Speaker Nancy Pelosi and Rep. Adam Schiff. (photo: Getty Images)
Speaker Nancy Pelosi and Rep. Adam Schiff. (photo: Getty Images)

What Does "Impeachment" Mean to Democrats? They Don't Say.

By William Boardman, Reader Supported News

08 October 19

“Therefore, today, I am announcing the House of Representatives is moving forward with an official impeachment inquiry. I am directing our six Committees to proceed with their investigations under that umbrella of impeachment inquiry. The President must be held accountable. No one is above the law.”

– Speaker of the House Nancy Pelosi, September 24, 2019

his is not encouraging. 

The country has been in a deepening constitutional crisis for more than two stormy decades and now, belatedly, the speaker is proposing an umbrella?  

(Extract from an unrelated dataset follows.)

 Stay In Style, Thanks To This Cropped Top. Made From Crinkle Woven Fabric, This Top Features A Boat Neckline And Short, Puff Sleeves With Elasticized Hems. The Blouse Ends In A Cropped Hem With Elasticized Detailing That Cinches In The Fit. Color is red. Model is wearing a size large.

Even less encouraging, when the speaker announces an umbrella of an impeachment inquiry, the political and media classes respond as if they’re going to a New Year’s Eve party rather than undertaking a serious constitutional duty. 

An umbrella? Made up of six committees? How is that supposed to work? 

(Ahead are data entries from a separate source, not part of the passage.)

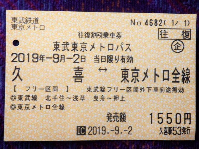 る複数の場所へ用事の時は乗降り自由の下記切符がありますので往復でお得に東京メトロを乗る事が出来ます、因みに今回は1980円のところ1550円で済みました、東武線沿線の方は如何ですか。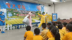 南投縣政府政風處廉政志工演出「新龜兔賽跑」戲劇,投入廉潔教育及反賄選工作-南投小隊廉政志工向嘉和國小學童進行「新龜兔賽跑」戲劇表演2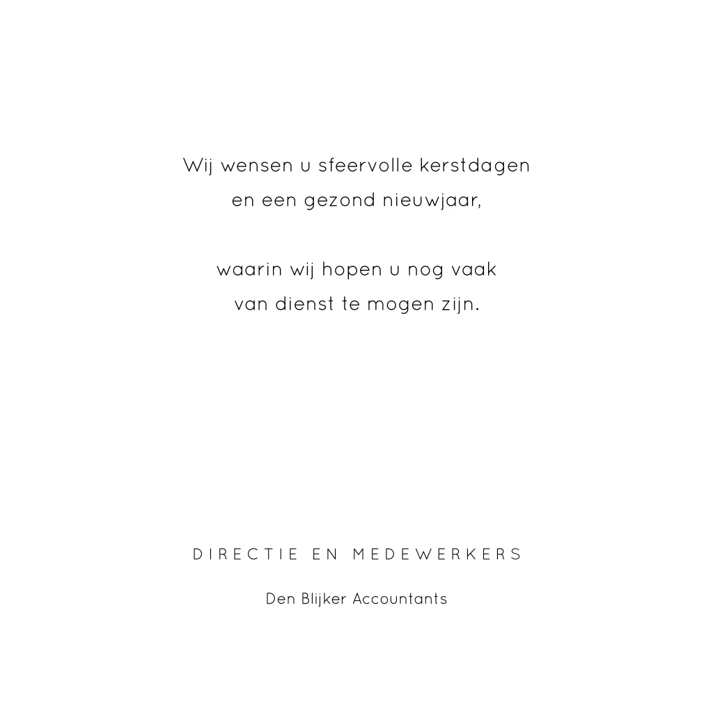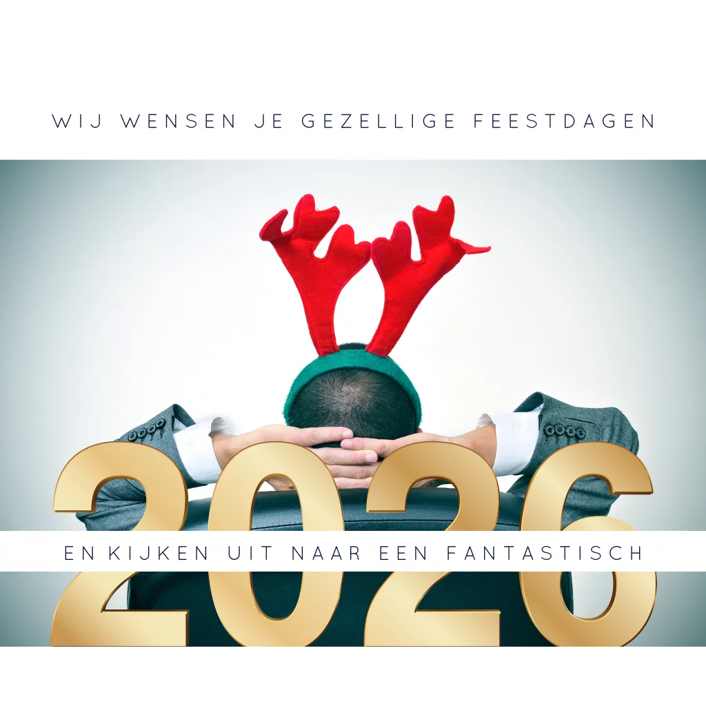 Zakelijke kerstkaart voor bedrijven met een eigen bedrijfsfoto en het jaartal 2026 in mooie goudkleurige cijfers. Deze kaart is voor alle branches en sectoren geschikt. De gebruikte foto is gemakkelijk te vervangen voor een eigen bedrijfsfoto. Hulp nodig bij het aanpassen van deze kaart? We helpen je graag!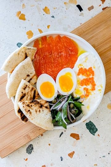 Brunch Pestrófa. House smoked trout + roe, feta krema, soft boiled egg, pita, parsley, capers. Photo by Bar Koukla.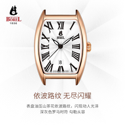 充满复古格调的酒桶型表壳,线条感柔和,展现男士睿智儒雅的一面。搭配鳄鱼纹纹理的皮质表带,更显轻奢的都市气息。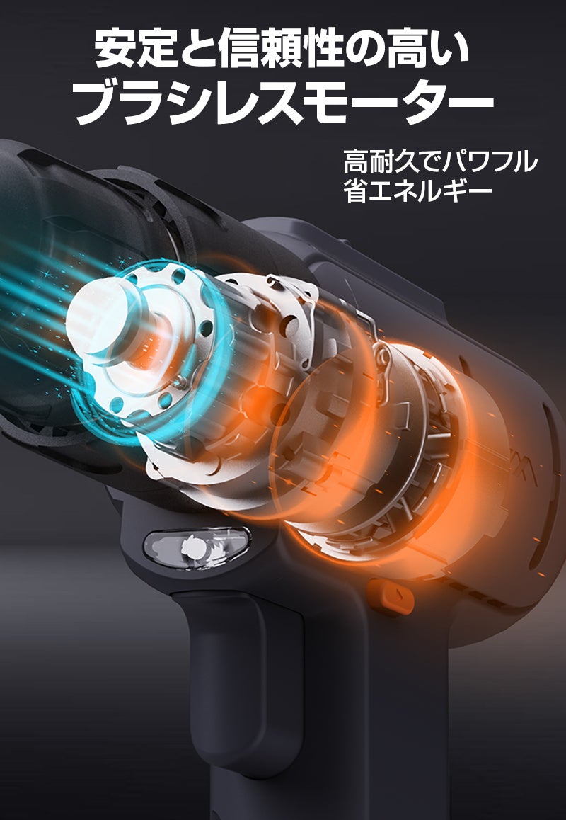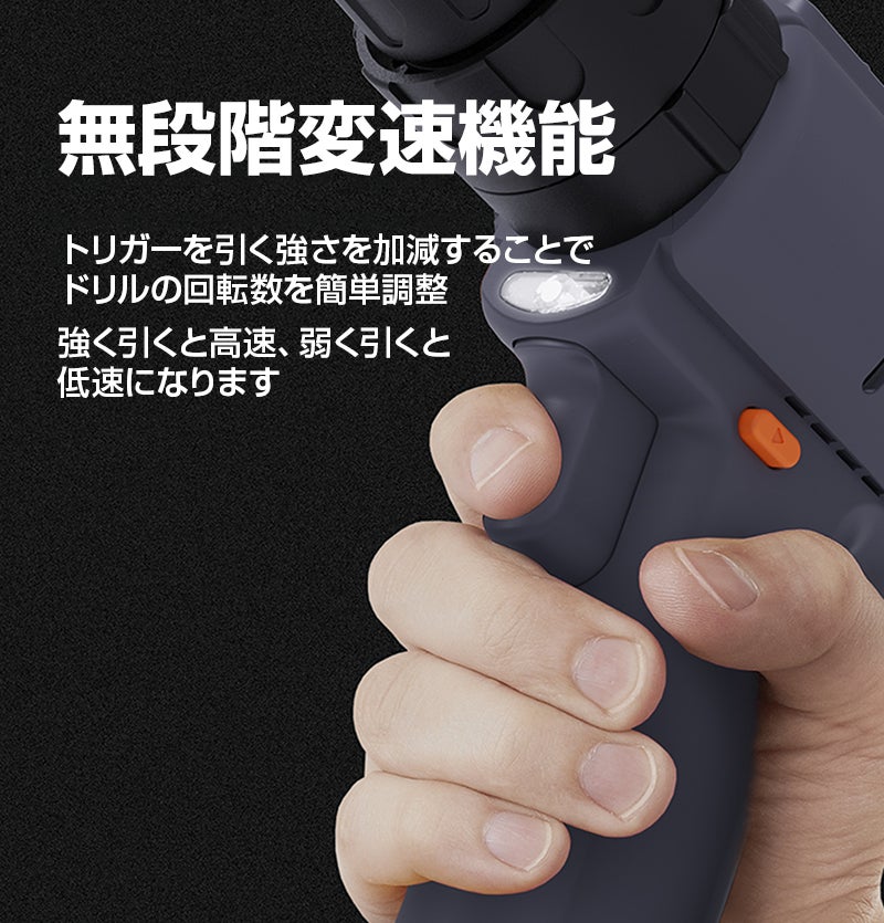 さまざまな状況や用途に対応するモードと、トリガーを引く強さで回転速度が調整できる無段階変速機能で作業をスムーズに行えます。

It’s been raining for a long, long time. 

Since the moment the current president was sworn in, he has been committing more and more impeachable offenses. After more than two and a half years of open corruption, the most thoughtful response we can get from the US House of Representatives is an umbrella of six committees with no formal framework? 

The speaker is playing political word games, and she’s surrounded by enablers equally uncommitted to being frank and honest. What is “an official impeachment inquiry” exactly? It’s nothing. It’s three meaning-free but impressive-sounding words that reinforce the status quo. The status quo is whatever those six committees are up to. We don’t really know what that is because they aren’t eager to explain and reporters aren’t eager to inquire. “An official impeachment inquiry” is actually nothing but empty words that give some sort of cover to those carrying it out, whatever it turns out to be. We shall see, but I am not encouraged. 

As I said on the radio (yes, quoting myself!) two days after the announcement of the official impeachment inquiry:  

When impeachment becomes a sudden fad with no clear grounding in principle and a narrow focus on pretty much circumstantial evidence grounded in a bed of bipartisan corruption resting on tectonic plates of the new cold war, I remain detached and skeptical – except the show might be spectacular, especially if viewed from another planet (or maybe just China). 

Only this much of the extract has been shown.